America Is Really Good At Protecting Men Who Abuse Women

Impact

Here's something America is really good at: Protecting men who abuse women.

After 10 years of sustained sexual assault allegations about encounters reaching back to the 1960s, it took male comedian Hannibal Buress' public admonishment to land the decisive blow against Bill Cosby's popular image.

Women had been telling us for years. Since 2004, 14 had come forward with horrific allegations, all reflecting a pattern in which Cosby — beloved sitcom star and dogged respectability politician —  drugged them, fondled them, raped them and, most recently, hired a special public relations team to discredit them. Once Buress' routine picked up steam last fall, that number ballooned to at least 39, with some estimates reaching 48

We didn't listen to these women.

But now that documents have gone public showing Cosby, in 2005, admitted to obtaining Quaaludes for the express purpose of drugging them, even the most doubtful are forced to admit our defense of the man may have been misplaced.

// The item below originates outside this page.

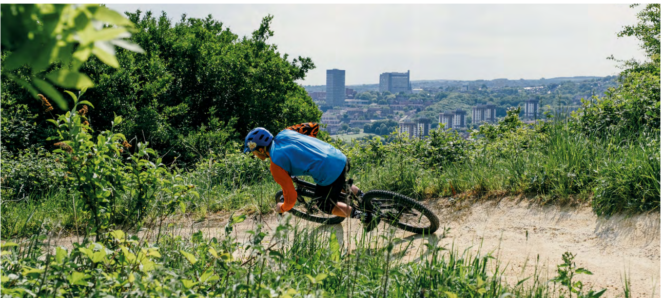
BMX biker at Parkwood Springs Mountain Bike Trail, Sheffield

The Mayoral Combined Authority’s Chief Finance Officer (also known as the ‘Section 73 Officer’) must make sure that the Mayoral Combined Authority manages taxpayers’ money properly and secures good value for money. The Mayoral Combined Authority’s Audit and Scrutiny Committee arrangements also have an important role in monitoring how it manages its finances.

It should not have taken us this long. Although anti-Cosby backlash has reached its apex over the past year, these allegations are not new. Nor is their negligible effect on his career: Despite, once again, dozens of women coming forward and saying, "This man drugged and sexually assaulted me," The Cosby Show was still enjoying a syndicated run on TV Land up until November 2014. NBC and Netflix were developing new projects starring Cosby until not long after.

And the allegations weren't a secret at the time. Nor was this country's high tolerance for men who abuse women, meaning the stakes of proceeding with these projects were relatively low.

Matt Rourke/AP

We live in an era where one in 6 American women is the victim of attempted or completed rape in her lifetime. The National Sexual Violence Resource Center suggest only 2% to 8% of rape accusations are false. Yet a majority of rape prevention rhetoric focuses on what women can do to keep from being raped — not what men can do to stop raping them.

In case after case, we're re-teaching ourselves the same lesson: Women's safety doesn't matter.

Just ask R. Kelly, who sold millions of albums and worked with countless willing collaborators, even after marrying a 15-year-old girl and videotaping himself raping and urinating on a 13-year-old girl. Or fashion photographer Terry Richardson, who has been accused of sexually abusing at least five women but still gets work from Beyoncé, Miley Cyrus and countless others — work that appears in the likes of GQ magazine and gets gobbled up by willing consumers.

Ask Floyd Mayweather, who beat up at least five women, including his son's mother — the details of which are documented in a chilling note the then-10-year-old wrote to the Las Vegas police department in 2010 — then went on to make $200 million for his fight with Manny Pacquiao in May, fueled by millions in ticket sales and Pay-Per-View purchases.

Or ask Charlie Sheen, whose history of allegedly assaulting, abusing and threatening women spans two decades but didn't stop him from becoming the highest paid actor on TV during his tenure on CBS' Two and a Half Men, one of America's most watched shows.

The list goes on. Cosby is just the latest in a pattern of men at whom networks, corporations and consumers keep throwing money despite their histories of abusiveness. Perhaps Cosby's 2005 admission is enough to quell his defenders — though many persist regardless. But given America's history of materially supporting men in Cosby's position, even despite knowing what they've done, it's clear that we, too, are part of the problem.

And until we recognize that Cosby is not unique — that, like many in his position, his enduring success and tacit absolution are products not just of our lacking proof, but of our collective, willful ignorance and support — this will continue to be true. Our silence has been our complicity. We must stop making the same mistakes.